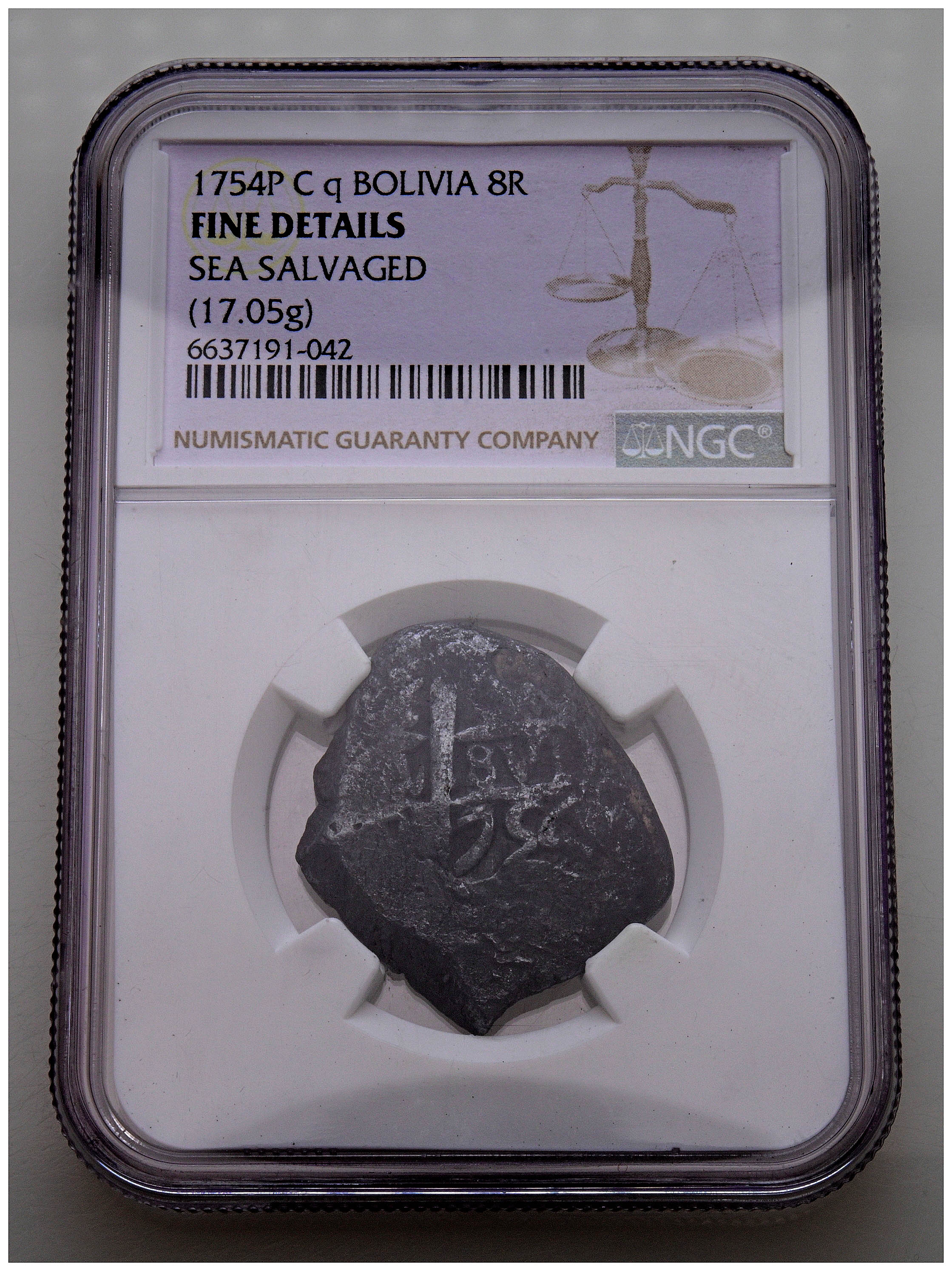FERNANDO VI (1746-1759). 8 Reales. (Ar. 17,05g/28mm). 1754. Potosí q. (Cal-2019-531). Encapsulado por NGC Fine Details, Sea Salvaged.
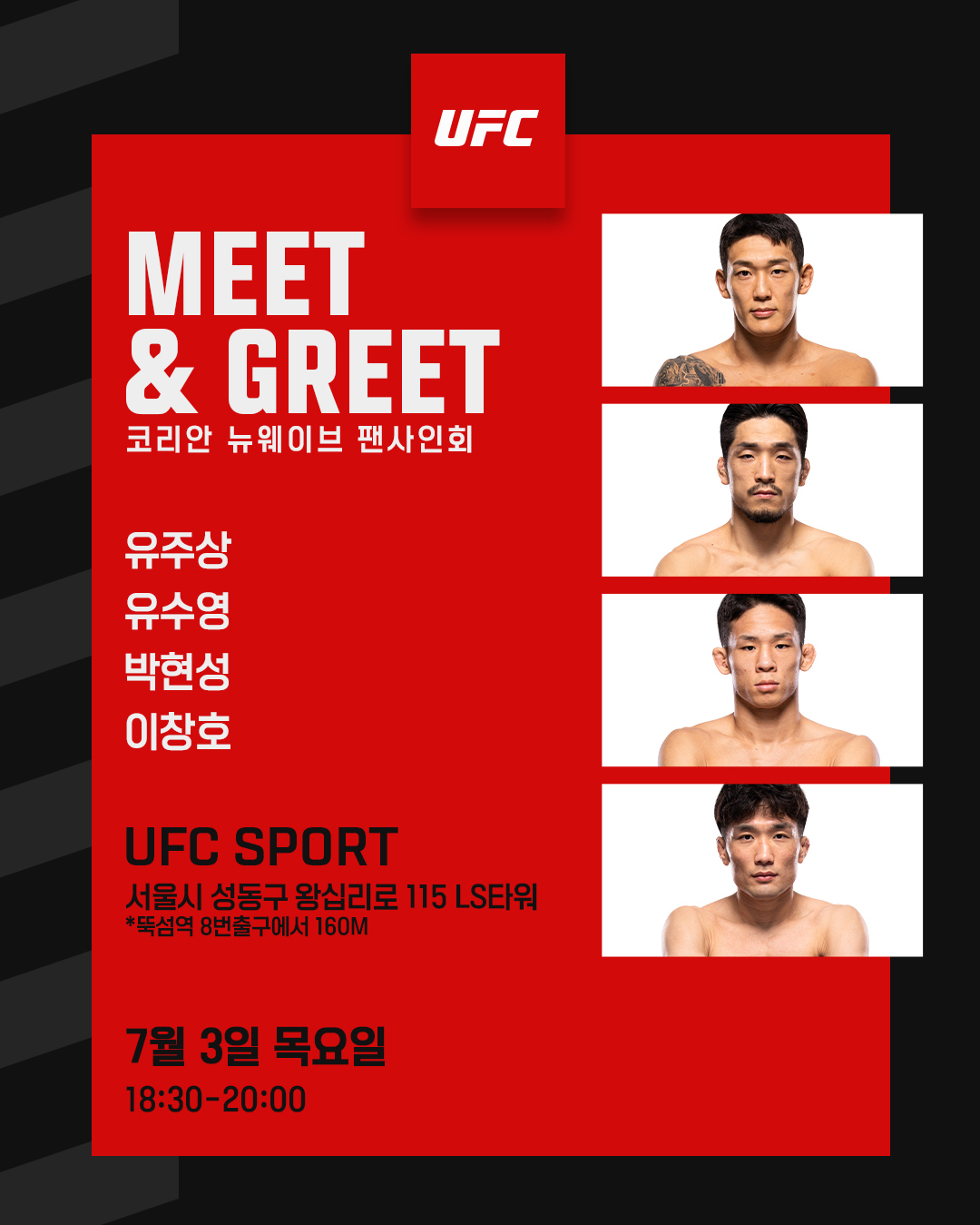 UFC는 오는 7월 3일 오후 6시 30분 서울 성동구 UFC SPORT 성수점에서 '좀비 주니어' 유주상(31), '피스 오브 마인드' 박현성(29), 'K-머신' 이창호(31), '유짓수' 유수영(29)이 참여하는 '코리안 뉴웨이브' 팬 사인회를 개최한다.
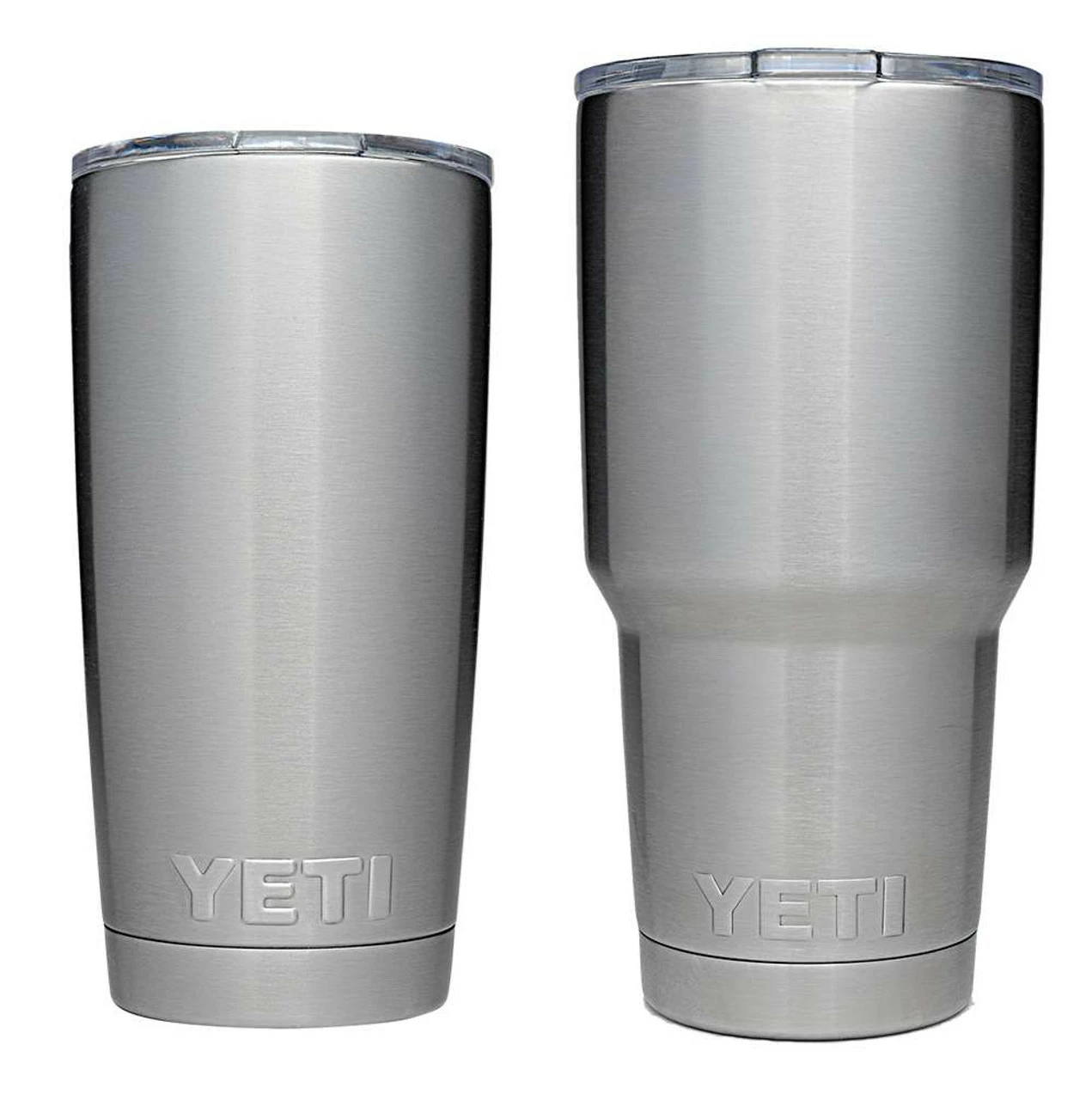 The YETI Rambler Tumblers are made with kitchen-grade stainless steel and double-wall vacuum insulated and the 20oz and 30z tumblers come with a lid. These tumblers keeps ice 2 times longer than a plastic tumbler and are designed for maximum ice retention. These tumblers work for hot beverages as well. This YETI Rambler Tumblers are BPA free and features a No Sweat design.
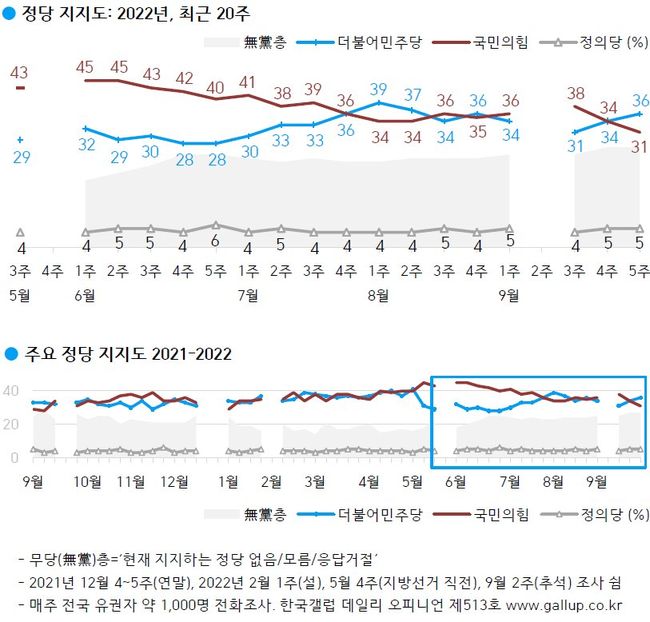 3월 대통령선거 직전부터 5월 첫째 주까지 양당 지지도가 비등했으나, 윤석열 대통령 취임과 함께 국민의힘은 상승하고 더불어민주당은 하락해 격차가 커졌다. 국민의힘은 6월 지방선거 이후 점진 하락, 더불어민주당은 30% 안팎에 머물다 상승해 7월 말부터 추석 전까지 엎치락뒤치락했다.
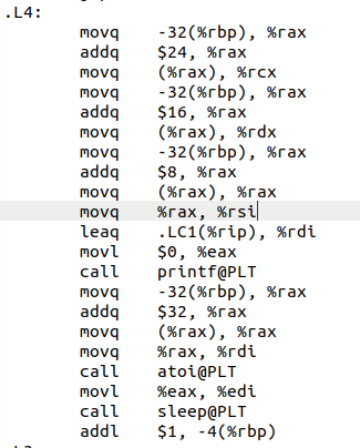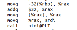 首先从栈中取出 argv的初始地址,保存到 %rax 中。因为每个指针8个字节,因此移动32个字节到达argv[4]的地址,再将此地址传给rdi,然后调用atoi函数进行类型转换。

--- --- ---

The records above must be output exactly, except for their pictures.

FERNANDO VI (1746-1759). 8 Reales. (Ar. 17,05g/28mm). 1754. Potosí q. (Cal-2019-531). Encapsulado por NGC Fine Details, Sea Salvaged.
 UFC는 오는 7월 3일 오후 6시 30분 서울 성동구 UFC SPORT 성수점에서 '좀비 주니어' 유주상(31), '피스 오브 마인드' 박현성(29), 'K-머신' 이창호(31), '유짓수' 유수영(29)이 참여하는 '코리안 뉴웨이브' 팬 사인회를 개최한다.
 The YETI Rambler Tumblers are made with kitchen-grade stainless steel and double-wall vacuum insulated and the 20oz and 30z tumblers come with a lid. These tumblers keeps ice 2 times longer than a plastic tumbler and are designed for maximum ice retention. These tumblers work for hot beverages as well. This YETI Rambler Tumblers are BPA free and features a No Sweat design.
 3월 대통령선거 직전부터 5월 첫째 주까지 양당 지지도가 비등했으나, 윤석열 대통령 취임과 함께 국민의힘은 상승하고 더불어민주당은 하락해 격차가 커졌다. 국민의힘은 6월 지방선거 이후 점진 하락, 더불어민주당은 30% 안팎에 머물다 상승해 7월 말부터 추석 전까지 엎치락뒤치락했다.
 首先从栈中取出 argv的初始地址,保存到 %rax 中。因为每个指针8个字节,因此移动32个字节到达argv[4]的地址,再将此地址传给rdi,然后调用atoi函数进行类型转换。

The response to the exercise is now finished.